Оксана задумывается. В другое время она бы подольше поболтала с Натаниэлем и попыталась бы разобраться в инфузории-тапочке, но сейчас было не до этого. Аксинья надрывно кашляет, в легких что-то хрипит. Натаниэль искоса глядит на нее, но молчит; Оксана боится, что у нее в этот момент случится серьезный приступ кашля, но все обходится. Аксинья волнуется до неконтролируемой дрожи в пальцах, но назад дороги нет, шансов оставить эту безумную затею тоже не осталось.

А клинок даже через ткань тонкого хлопкового платья холодит кожу. Аксинья чувствует, что из-за этого холода в сердце что-то, наоборот, горит; чувствует, как же ей хочется достать лезвие и ударить наконец, вспороть мягкую белую кожу, одним взмахом разрезать вену и ощутить, как горячая кровь согревает холодные и вспотевшие от волнения ладони.

Оксана вновь кусает губы и осматривается. Ей нужно место, где никто не помешает. Длинная стена новостроек, неестественно пустынная автострада, надземный переход; довольно тихо и безлюдно, бетонный мост над асфальтом пуст.

- Натаниэль, а почему движение перекрыто? – Оксана останавливается и смотрит на трассу, где за минуту не проехало ни одного автомобиля.

- Ремонт там идет, - Нафанаил, махнув рукой куда-то назад, даже не оборачивается.

Оксане всегда нравилось даже само слово «ремонт»; оно навевало атмосферу тайны, напряженного ожидания, волнения. «Идеально», - думает Аксинья.

- Я, кажется, вспомнила, где могла оставить сумочку… - задумчиво бормочет она, рассеянно указывая на переход. – Идем, Натаниэль!

За спиной она слышит шорох шагов - наемники. Понимают намек. Готовы охранять переход от непрошенных гостей.

Аксинья уже ощущает сладостное волнение, хотя на первом этапе ей нужно только усыпить Натаниэля. Без крови. Без боли… хотя пальцы уже давно тянутся к клинку. Парень идет на несколько шагов впереди, осматривая широкие металлические перила моста так спокойно, будто никогда не слышал, что незнакомцы могут хранить под верхней одеждой.

Аксинья видит: улица почти пуста, двое незнакомцев, остановившихся вдруг на середине надземного перехода, никого не заинтересуют, на высоте пяти метров никто не заметит нож и не будет наблюдать, как жертва дышит эфиром через воронку резиновой трубки. Время ожидания вышло. Оксана выхватывает кинжал и со спины приставляет к шее Натаниэля. Почти чувствует, как он резко холодеет. У Оксаны сердце стучит часто-часто, дрожит рука, но женщина стискивает зубы и смотрит, как медленно оборачивается Натаниэль. Аксинья чуть отводит клинок от его шеи, чтобы не порезать кожу.
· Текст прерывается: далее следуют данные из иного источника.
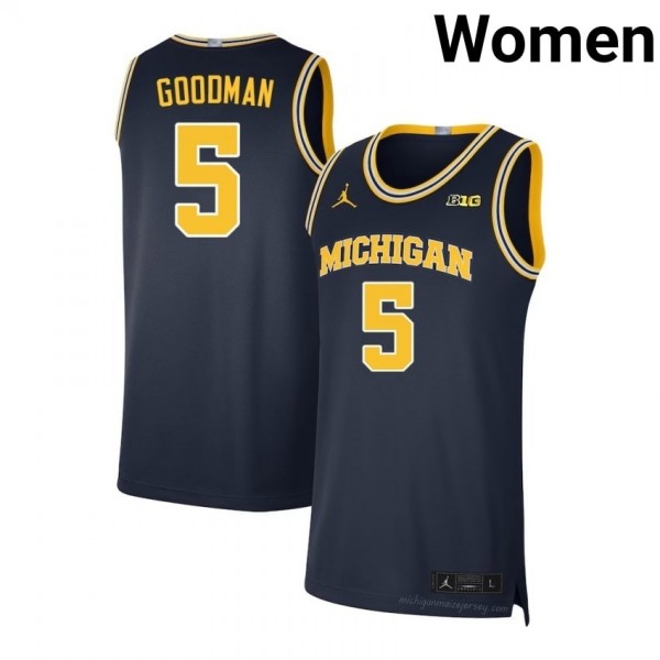 Navy Michigan Oscar Goodman #5 Basketball Stitch Jersey | Women's NCAA Hoops Apparel

Это будет не так красиво, как моментальный удар в сердце. Чтобы кровь брызнула на белую рубашку и осталась засыхать багровыми пятнами. Как просыпанные на снег зимние ягоды клюквы.
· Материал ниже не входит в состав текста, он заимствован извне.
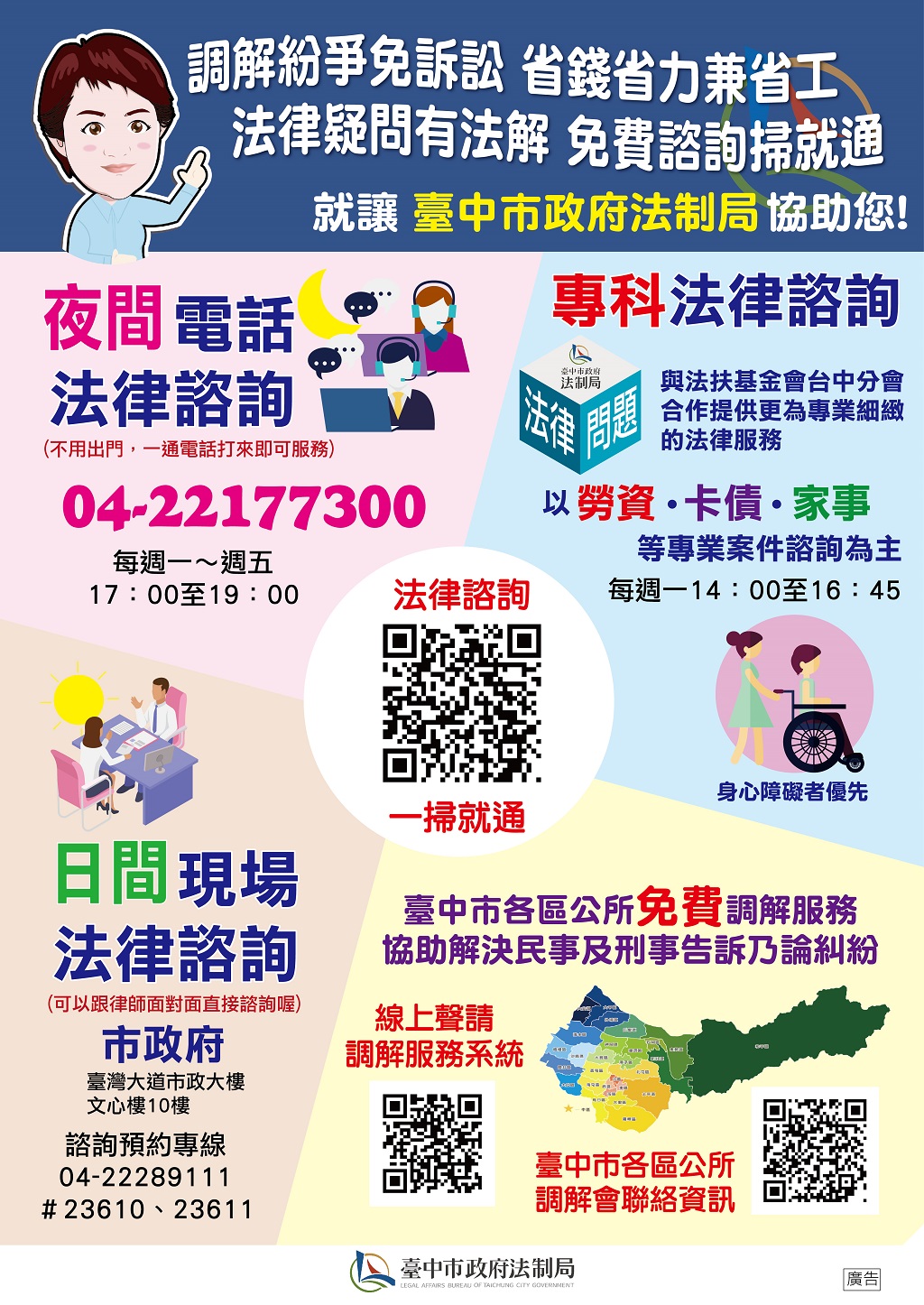 ◎勞資、卡債、家事等法律問題諮詢 星期一下午2點至4點45分。 臺中市政府法制局專科法律諮詢室。 每人諮詢時間為15分鐘。

- Оксана… - голос Натаниэля обрывается: он все моментально понимает, он все видит в глазах женщины с клинком. Желание убить, проколоть кожу, разворотить ребра, изранить, искалечить. Не ненависть – жажда крови. – Аксинья!
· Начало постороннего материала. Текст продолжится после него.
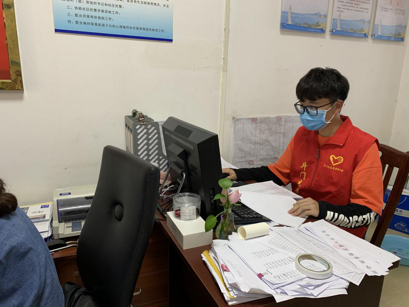 深圳信息學(xué)院19級劉泓濤在社區(qū)參加志愿服務(wù)。

Трясущейся ладонью удерживая кинжал, Оксана достает пузырек эфира и резиновую трубку с расширением на конце, протягивает Натаниэлю.

- Эфир, всего лишь медицинский эфир, - бормочет она раздраженно. – Дыши им через трубку. Все просто. Или… - кинжал чуть проворачивается в ее руке. Она знает: Натаниэль уже понял это «или».

Но ему не хочется умирать; как, собственно, и Оксане.

- Зачем, Аксинья? – шепчет он, понимая, что кричать – самоубийство. А по-другому никто не обнаружит и никто не спасет. Аксинья не отвечает, только приближает лезвие к светлой коже, кажущейся тонкой-тонкой. – Зачем ты…

- Держи эфир, - шипит она, и лицо столичной красавицы искажается болью. – Не думай звать на помощь или сопротивляться. И не обманывайся хрупкими женскими руками. Меня прикрывают куда более сильные…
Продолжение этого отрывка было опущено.